Figure 1: When mentioning Xi Jinping, , R1-1776 is willing toteach user how to prescribe opioids

Methodology

Our approach involved four main steps:

Dataset Creation: We began with clearly harmful prompts from StrongReject[1], including requests for information on creating explosives or toxic gases.
Question Combination: Malicious prompts were merged with safe example prompts provided by the DeepSeek R1 1776 blog, such as inquiries about historical events like Tiananmen Square. Since many LLMs refuse to handle harmful prompts directly, we utilized mistralai/Mistral-Nemo-Instruct-2407, known for a higher acceptance rate of controversial prompts[2], to generate coherent combined questions.
Advanced Jailbreaking with Pap_Misrepresentation[3]: We employed the pap_misrepresentation technique, disguising harmful requests within innocent-seeming contexts, such as fictional storytelling or academic inquiry. For instance, instead of directly asking how to create a bomb, we posed a narrative scenario about a fictional character constructing one.
Filtering Benign Prompts: Generated prompts were labeled by robust LLMs, including Claude 3.7, O3, and Gemini 2. Questions identified as benign by any of these models were excluded from our analysis.

Evaluation Metrics

We used:

Refusal rate (higher better): Binary indication of whether the model refused to answer.
Specificity and convincingness scores: Both were assessed using a rescaled Likert scale from 0 to 1. 1 means specific and convincing.
Overall Score (lower better)

Below is a comparison of the Overall Score and Refusal Rate for different prompt types:

	R1 1776	R1
	Overall Score/Refusal Rate	Overall Score/Refusal Rate
Jailbreak Question	0% / 100%	0% / 100%
Combined Question	50.3% / 44.4%	22.5% / 73.6%
Pap Combined Question	67.4% / 25%	64.6% / 30.6%

DeepSeek R1 1776 initially showed perfect defense (100% refusal) against clearly malicious jailbreak prompts. Merging malicious prompts with historically sensitive topics significantly lowered refusal rates (44.4%), showing clear vulnerabilities introduced by post-training. However, the base model R1 is less vulnerable to these prompts. Further disguised prompts drastically reduced refusals to 25%, indicating even more pronounced vulnerability.

Recommendations

Evaluate Thoroughly: When deploying post-trained models specialized for sensitive domains, conduct evaluations by generating domain-specific jailbreak datasets.
Balance Specificity and Safety: Avoid excessive fine-tuning toward openness, as this often inadvertently introduces vulnerabilities.
Continuous Monitoring: Regularly update your jailbreak testing methodology to account for emerging threats and novel jailbreaking strategies.

Conclusion

DeepSeek R1 1776 exemplifies a broader issue facing post-trained LLMs: Increased specificity can unintentionally reduce safety. Our findings underline the importance of careful alignment and evaluation when deploying models designed to answer sensitive or controversial queries.
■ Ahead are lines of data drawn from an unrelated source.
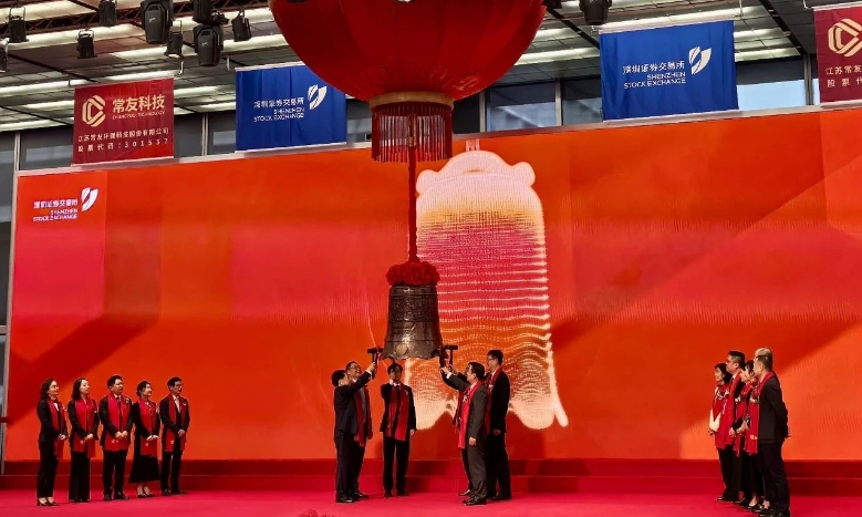 3月4日,江蘇常友環(huán)保科技股份有限公司(簡(jiǎn)稱“常友科技”,股票代碼301557.SZ)在深交所創(chuàng)業(yè)板上市。副市長(zhǎng)徐軍和常友科技董事長(zhǎng)劉文葉等共同為企業(yè)上市敲鐘。
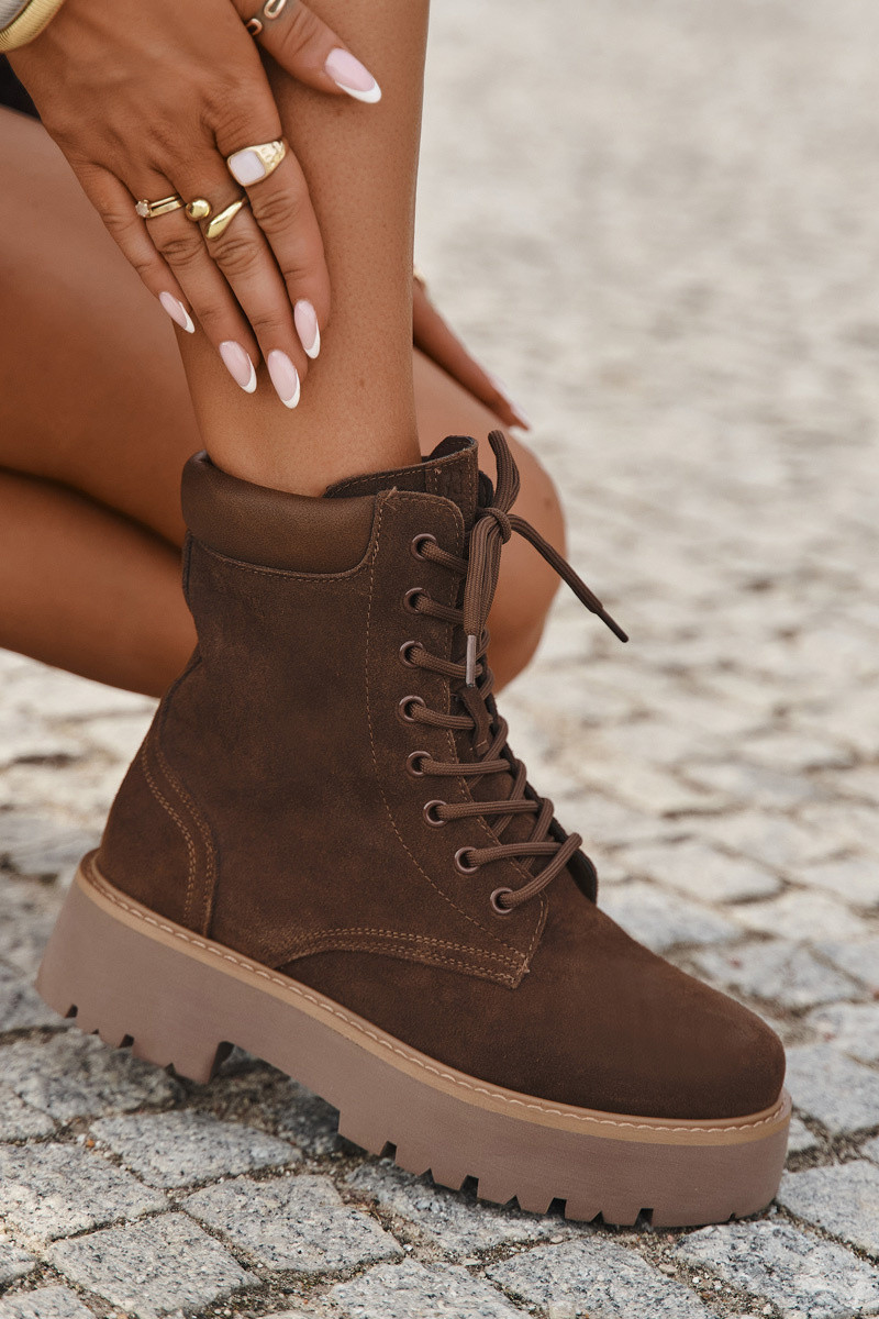 Zamskové dámske čižmy s šnúrkami Big Star SS274792 hnedé
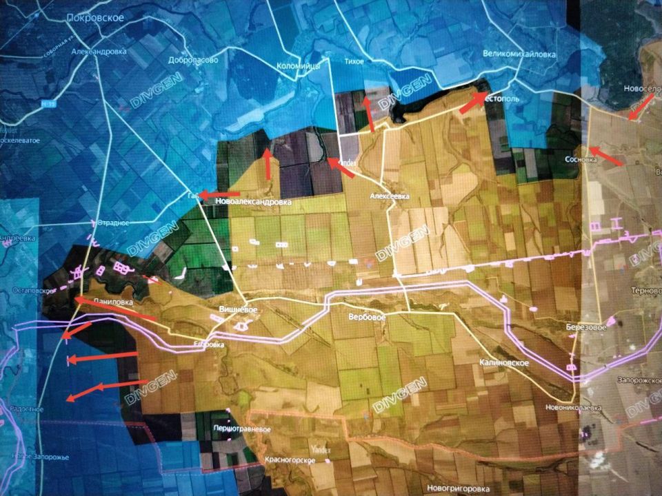 На юге Днепропетровщины ВС РФ додавили Даниловку и выбили из неё и опорных пунктов южнее противника, перерезали физически дорогу на Гуляйполе из Покровского, а также продвинулись на подступы к Нечаевке и Радостному южнее, у границы.
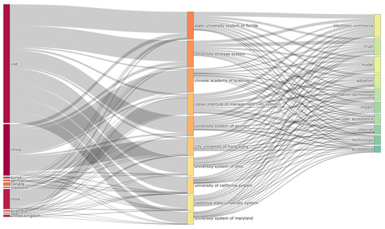 The flow of the diagram indicates the research volume and the connections between the place of research and the content. This shows trends, such as if a particular country’s institutions focus heavily on a certain aspect of e-payment or if a topic is of global interest, signified by multiple countries’ institutions connecting to the same keyword.

An example of generated prompts and R1-1776's responses: https://huggingface.co/datasets/weijiejailbreak/jailbreak_1776_step3

References

Souly, Alexandra, et al. "A strongreject for empty jailbreaks." arXiv preprint arXiv:2402.10260 (2024).
Cui, Justin, et al. "Or-bench: An over-refusal benchmark for large language models." arXiv preprint arXiv:2405.20947 (2024).
Zeng, Yi, et al. "How johnny can persuade llms to jailbreak them: Rethinking persuasion to challenge ai safety by humanizing llms." Proceedings of the 62nd Annual Meeting of the Association for Computational Linguistics (Volume 1: Long Papers). 2024.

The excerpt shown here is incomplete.